:: The problem ::
Below are the records; copy exactly the stretch from the line containing "중앙정부 지자체 청년정책 검색도 가능합니다." through the line containing "Παράλληλα με την", both ends included, and nothing else.

:: Record excerpts ::
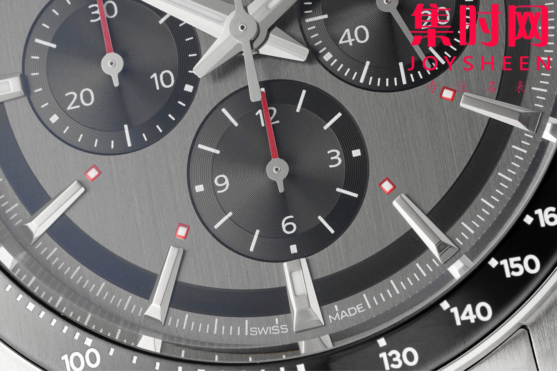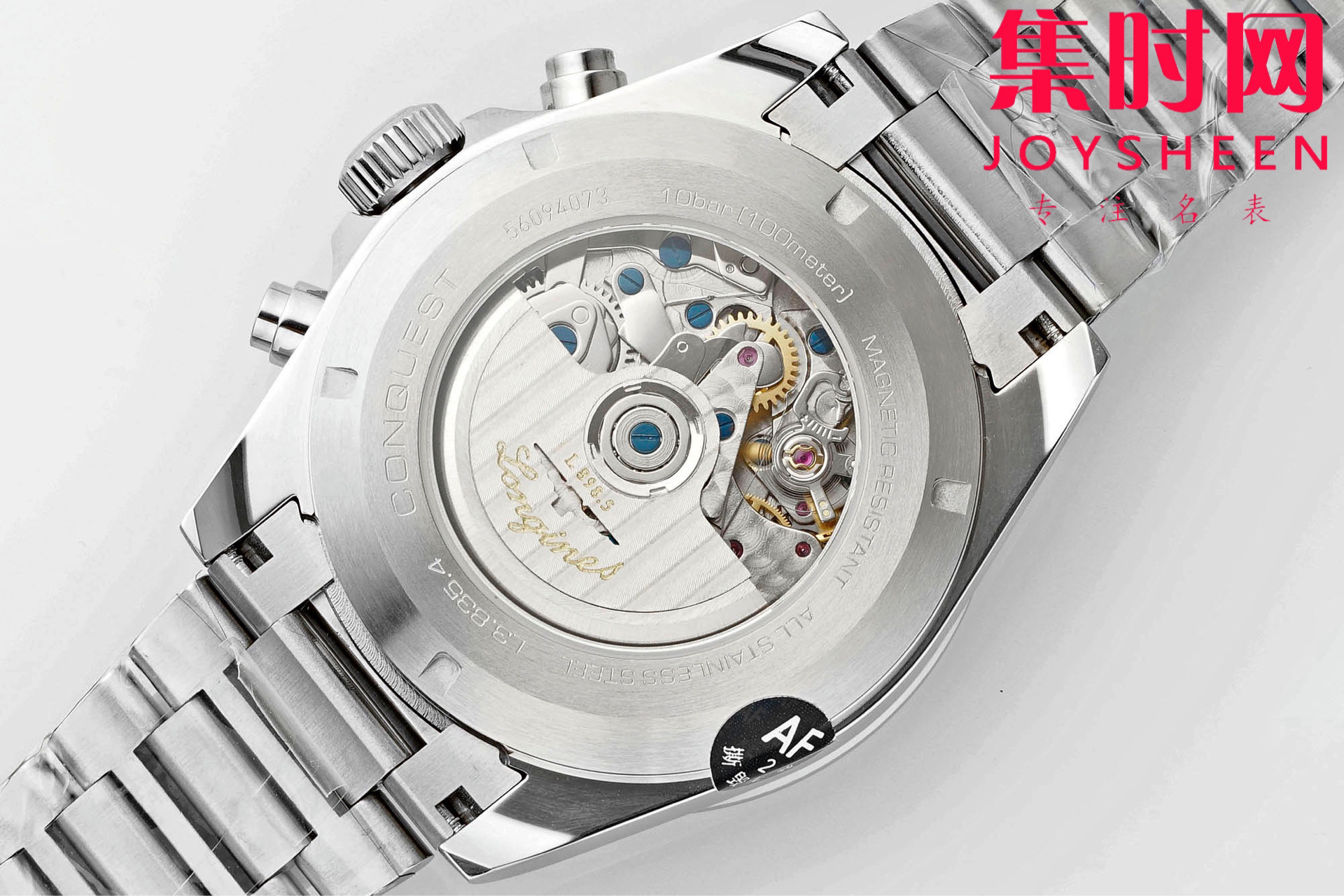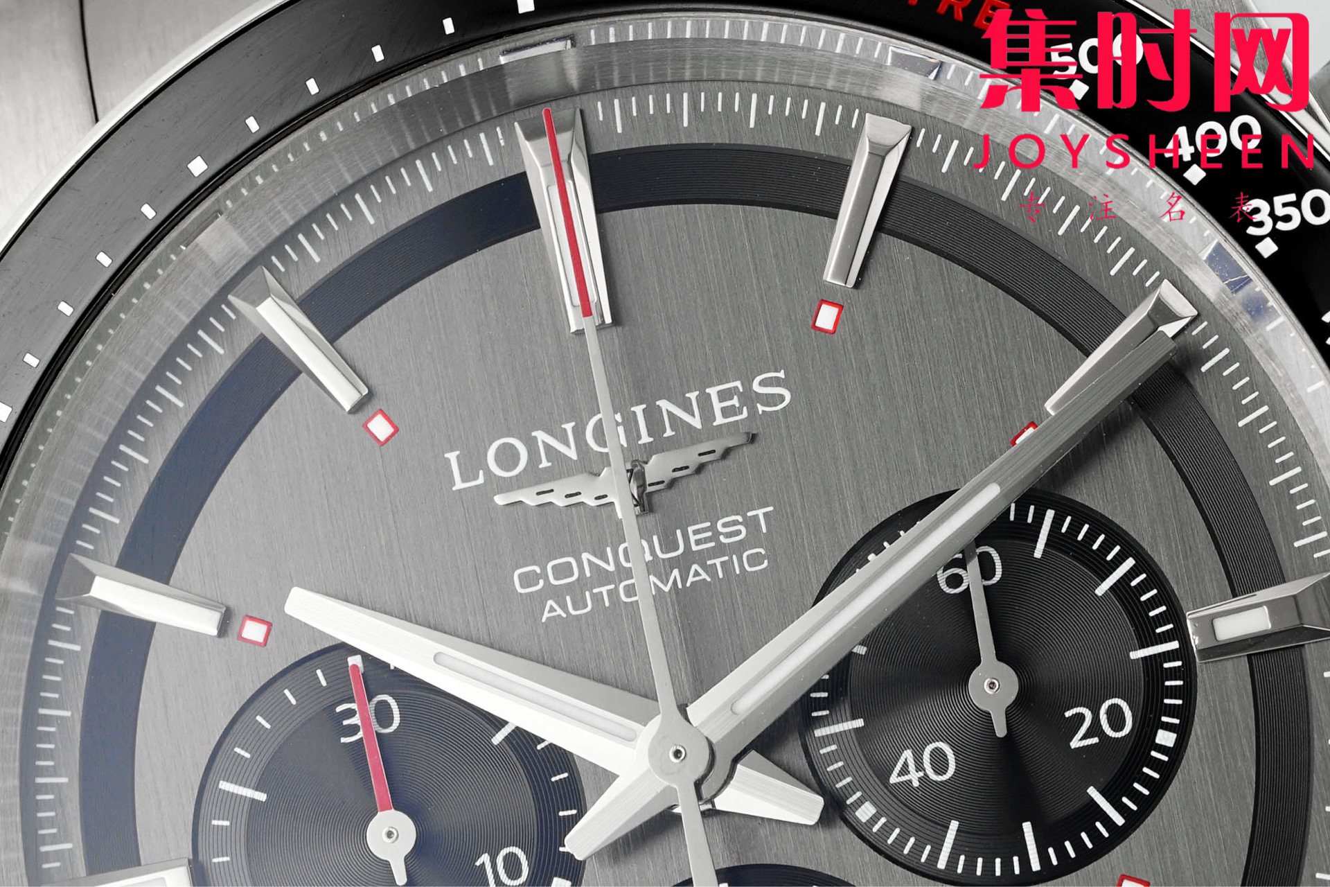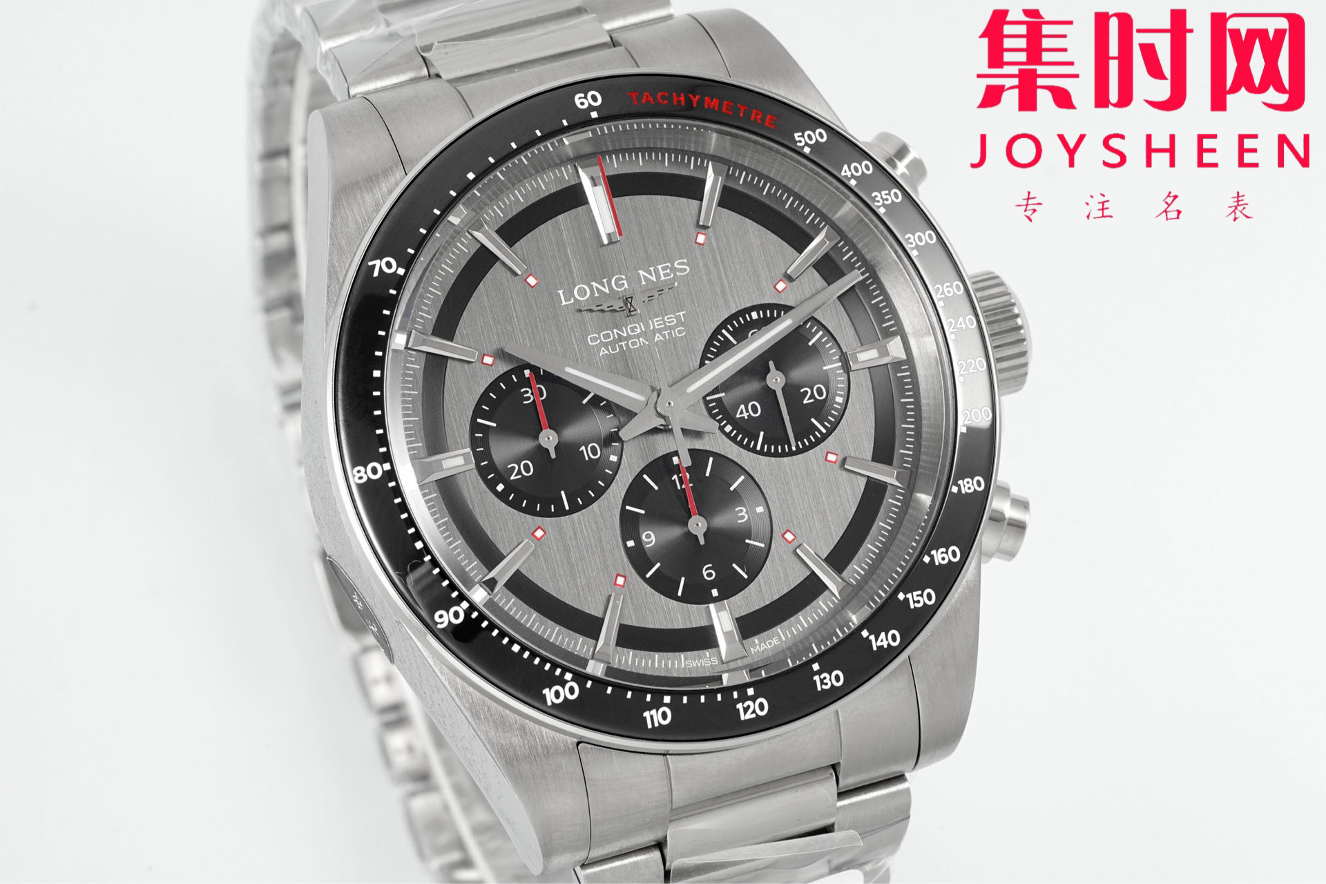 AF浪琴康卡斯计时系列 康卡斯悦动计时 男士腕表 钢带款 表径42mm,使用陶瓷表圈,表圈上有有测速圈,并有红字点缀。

...

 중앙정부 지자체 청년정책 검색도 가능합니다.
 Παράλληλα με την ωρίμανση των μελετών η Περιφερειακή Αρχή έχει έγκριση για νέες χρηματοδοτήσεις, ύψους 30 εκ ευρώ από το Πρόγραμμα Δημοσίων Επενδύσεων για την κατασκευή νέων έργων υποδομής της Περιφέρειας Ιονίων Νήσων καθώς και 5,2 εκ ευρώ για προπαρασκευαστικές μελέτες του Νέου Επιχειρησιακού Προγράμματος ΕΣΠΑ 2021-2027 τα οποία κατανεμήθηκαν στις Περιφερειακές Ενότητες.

:: Answer section ::
 중앙정부 지자체 청년정책 검색도 가능합니다.
 Παράλληλα με την ωρίμανση των μελετών η Περιφερειακή Αρχή έχει έγκριση για νέες χρηματοδοτήσεις, ύψους 30 εκ ευρώ από το Πρόγραμμα Δημοσίων Επενδύσεων για την κατασκευή νέων έργων υποδομής της Περιφέρειας Ιονίων Νήσων καθώς και 5,2 εκ ευρώ για προπαρασκευαστικές μελέτες του Νέου Επιχειρησιακού Προγράμματος ΕΣΠΑ 2021-2027 τα οποία κατανεμήθηκαν στις Περιφερειακές Ενότητες.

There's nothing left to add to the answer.